The equation becomes:
100,000 = P(1 + 0.06/4)^(4*9)
Now, we can rearrange the equation to solve for P (the periodic payment amount):
P = 100,000 / (1 + 0.06/4)^(4*9)
Calculating this equation will give us the periodic payment amount that Rollo Company must pay to have $100,000 at the end of 9 years.
To find out how much Rollo Company must pay each period to have $100,000 at the end of 9 years with a 6% interest rate compounded quarterly, we can use the formula for compound interest:
A = P * (1 + r/n)^(nt)
Where:
A = the future value of the loan (which is $100,000)

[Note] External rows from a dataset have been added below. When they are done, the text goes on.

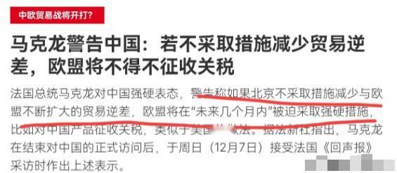 简直不敢相信,这话是从马克龙口中说出来!刚访华结束,马克龙口风变得非常强硬!12月7日,根据法新社报道,法国总统马克龙接受采访时表示,如果北京不采取措施减少与欧盟不断扩大的贸易逆差,欧盟将在“未来几个月内”被迫采取强硬措施,比如对中国产品征收关税,类似于美国的做法。 马克龙声称:中国正在“冲击”欧洲工业和创新模式的核心,而欧洲的传统优势在于机床和汽车工业。为了减少与中国的贸易逆差,欧洲必须接受中国的投资。我们不能一直进口,中国企业必须来欧洲投资。中国在欧洲的投资不应具有“掠夺性”,即不能以追求霸权和制造依赖为目的。 马克龙刚结束访华就换了副口气,喊着要对中国产品加关税,还说中国“冲击”欧洲工业,这操作确实让人摸不着头脑。 就看他口中的贸易逆差,2024年欧盟对华出口约2130亿欧元,中国对欧出口却达5190亿欧元,3000多亿欧元的逆差看着扎眼,但这真不是中国单方面造成的。 就说欧洲引以为傲的机床工业,瑞士曾是高端机床的代名词,2020年中国买的瑞士高端数控机床占了他们出口的30%,可后来瑞士跟着美国搞断供,结果2025年一季度对华出口直接暴跌37%,五家百年老牌厂商裁员停产,反而让德国、日本企业趁虚而入。 这哪是中国不进口,分明是欧洲自己把到手的订单推出去,转头还怪别人不买,未免太不讲理了。 还有中国投资,马克龙一边要求中国企业去欧洲投资,一边又给扣上“掠夺性”的帽子,这简直是又想要又怕烫。 看看斯洛伐克的情况,中国已经是当地欧盟以外最大的贸易伙伴,中企在那投资超6亿美元,创造了5000多个就业岗位,华为、福耀玻璃这些企业早就扎下根来,国轩高科还砸了12.33亿欧元合资建电池工厂,光这一个项目就要带动1300人就业。 这些投资带来的是实实在在的产能和工作机会,哪里是什么“制造依赖”,分明是欧洲自己竞争力不足,却想把锅甩给中国。 毕竟中国工业产值早在2021年就超过了G7国家总和,欧洲要是真有底气,也不会盯着中国投资不放,又怕又盼的样子实在有点矛盾。 至于欧洲的汽车工业,马克龙把它当成传统优势,可实际情况是欧盟2024年新注册的纯电动汽车反而比2023年下降了6.1%,虽然保有量还在增长,但增长势头已经放缓。 反观中国企业,不仅在欧洲投资建厂,还通过中欧班列把零部件快速运到当地组装,斯洛伐克的汽车及零部件贸易额都达到了29.6亿美元,这明明是互补共赢,怎么就成了“冲击”? 而且有意思的是,欧盟一边喊着逆差,一边还在搞贸易保护,2025年11月刚对中国己二酸征收28.6%到46.8%的反倾销税,可中国己二酸2025年上半年出口量还激增26.36%,只是把出口目的地转到了土耳其、印度等地,欧盟本土企业反而因为失去中国供应链,巴斯夫都关停了德国的己二酸装置。 这种搬起石头砸自己脚的操作,说到底还是自身竞争力跟不上,不想着怎么提升技术、优化营商环境,反而寄希望于加关税,跟美国学那套贸易保护,显然找错了方向。 欧洲总说自己的核心优势在机床和汽车,可实际行动却一直在自废武功。 机床领域放着中国这个大市场不用,非要搞技术封锁;汽车领域在新能源转型上慢半拍,还想着用关税阻挡中国产品,结果只能是让自己的市场份额被慢慢侵蚀。 中国从来没有强迫欧洲进口,也没有阻拦欧洲企业来华,反而一直敞开大门,是欧洲自己把贸易和投资搞得政治化。 马克龙喊着“不能一直进口”,却忘了贸易是双向的,欧洲要是真能拿出有竞争力的产品,中国市场从来不会拒绝。 与其花时间琢磨怎么加关税、给中国投资贴标签,不如好好想想为什么本土产能会持续收缩,为什么企业会纷纷转向亚洲布局。 毕竟贸易逆差的根源从来不是别人太强,而是自己不够努力,把自身需要解决的问题甩给中国,既不客观,也解决不了任何问题。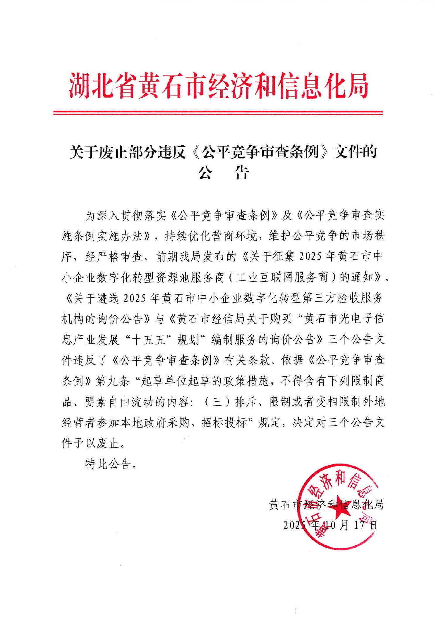 关于废止部分违反《公平竞争审查条例》文件的公告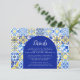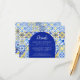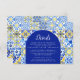 This rustic design features a background pattern of blue, yellow and white watercolor Portuguese tiles, or azulejos. The word "Details" appears in elegant white script on a blue arch shape. Personalise the card with information for your guests in white copperplate font. A matching tile pattern appears on the reverse side.

P = the principal amount of the loan (unknown)
r = the annual interest rate (6% or 0.06)
n = the number of times interest is compounded per year (quarterly, so 4)
t = the number of years (9)
We need to solve for P, the principal amount, so we'll rearrange the formula:
P = A / (1 + r/n)^(nt)
Now let's substitute the known values into the formula:
P = $100,000 / (1 + 0.06/4)^(4*9)
Calculating inside the parentheses:
P = $100,000 / (1 + 0.015)^(36)
Now we can simplify the equation:
P = $100,000 / (1.015)^(36)
Using a calculator or spreadsheet, calculate:
P ≈ $100,000 / (1.641)
Therefore, Rollo Company must pay approximately $60,887.38 each period to have $100,000 at the end of 9 years.